• _DATA SEGMENT_:
- Opening Delimiter -

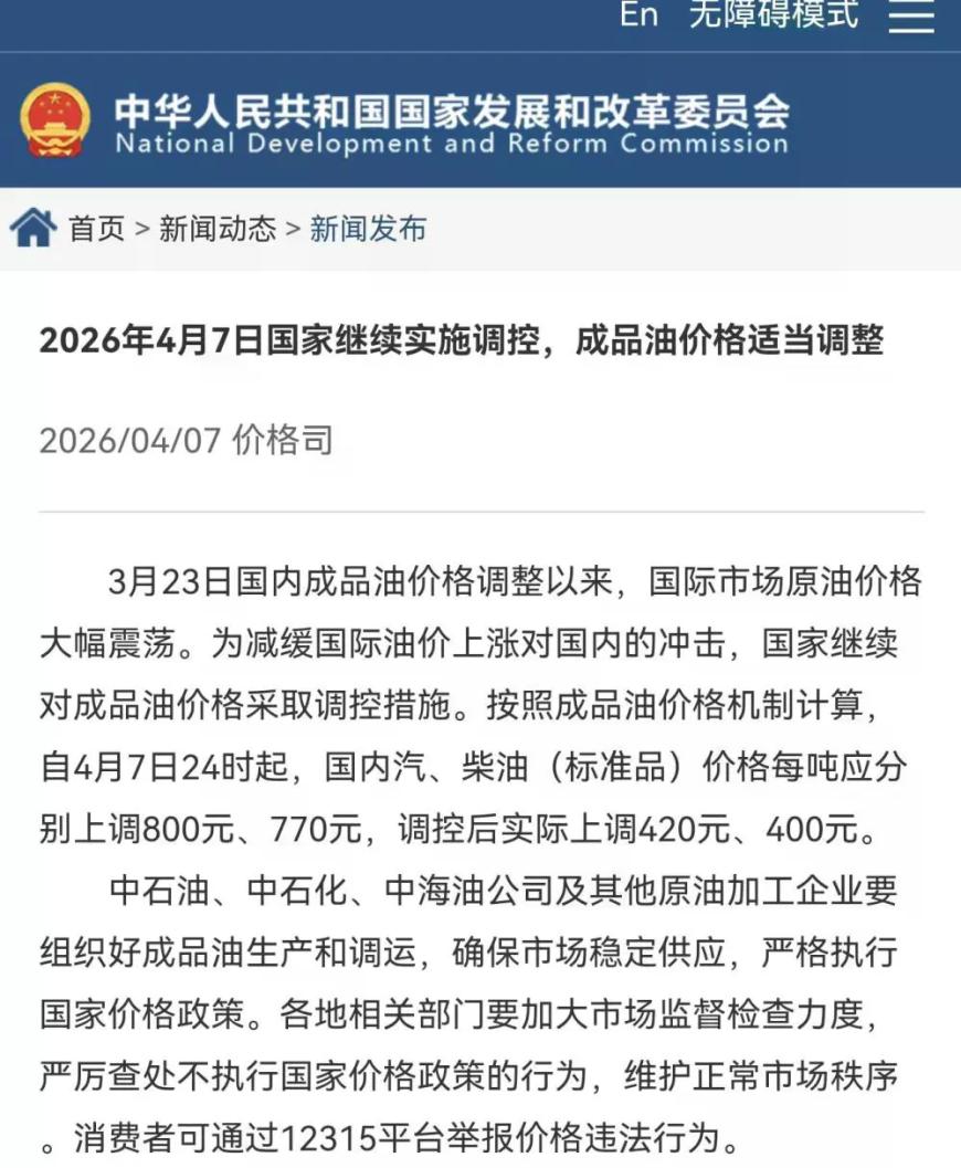 3月23日国内成品油价格调整以来,国际市场原油价格大幅震荡。为减缓国际油价上涨对国内的冲击,国家继续对成品油价格采取调控措施。按照成品油价格机制计算,自4月7日24时起,国内汽、柴油(标准品)价格每吨应分别上调800元、770元,调控后实际上调420元、400元。中石油、中石化、中海油公司及其他原油加工企业要组织好成品油生产和调运,确保市场稳定供应,严格执行国家价格政策。各地相关部门要加大市场监督检查力度,严厉查处不执行国家价格政策的行为,维护正常市场秩序。消费者可通过12315平台举报价格违法行为。
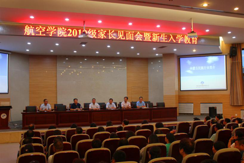 我院于2019年9月7日19:00在第三教学楼报告厅召开2019级新生及新生家长见面会暨新生入学教育第一讲。学院党总支书记郭凌峰、院长赵卫国、副书记副院长吴斌、副院长韩建峰、飞行员招生专员蔡进及学院辅导员参加会议,并特邀行业专家、我校2001级校友—内蒙古民航机场集团呼和浩特机务部经理邹超参会。2019级全体新生及家长参加会议。
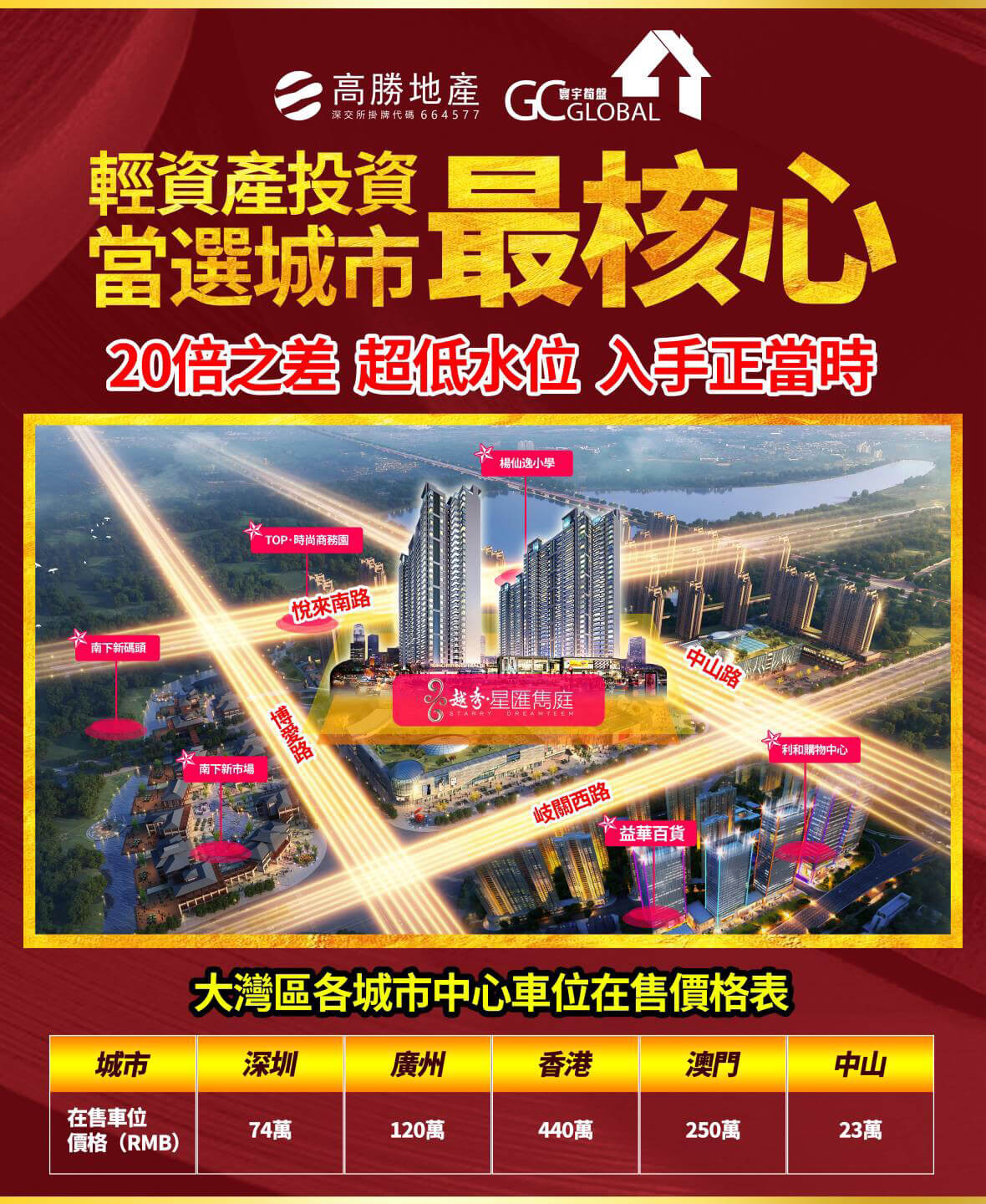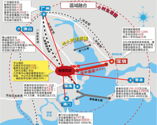 根據現時資料,中山市區車位元對比珠三角部分城市和港澳城市車位元資料有明顯的價格優勢,處於價格窪地。而上述的粵港澳三大規劃,將珠三角城市“區域融吅”,實現進一步“同城化”。

- Closing Delimiter -

• _ASSIGNED TASK_:
Apart from its pictures, the material above should be repeated exactly.

• _OUTPUT OF THE TASK_:
 3月23日国内成品油价格调整以来,国际市场原油价格大幅震荡。为减缓国际油价上涨对国内的冲击,国家继续对成品油价格采取调控措施。按照成品油价格机制计算,自4月7日24时起,国内汽、柴油(标准品)价格每吨应分别上调800元、770元,调控后实际上调420元、400元。中石油、中石化、中海油公司及其他原油加工企业要组织好成品油生产和调运,确保市场稳定供应,严格执行国家价格政策。各地相关部门要加大市场监督检查力度,严厉查处不执行国家价格政策的行为,维护正常市场秩序。消费者可通过12315平台举报价格违法行为。
 我院于2019年9月7日19:00在第三教学楼报告厅召开2019级新生及新生家长见面会暨新生入学教育第一讲。学院党总支书记郭凌峰、院长赵卫国、副书记副院长吴斌、副院长韩建峰、飞行员招生专员蔡进及学院辅导员参加会议,并特邀行业专家、我校2001级校友—内蒙古民航机场集团呼和浩特机务部经理邹超参会。2019级全体新生及家长参加会议。
 根據現時資料,中山市區車位元對比珠三角部分城市和港澳城市車位元資料有明顯的價格優勢,處於價格窪地。而上述的粵港澳三大規劃,將珠三角城市“區域融吅”,實現進一步“同城化”。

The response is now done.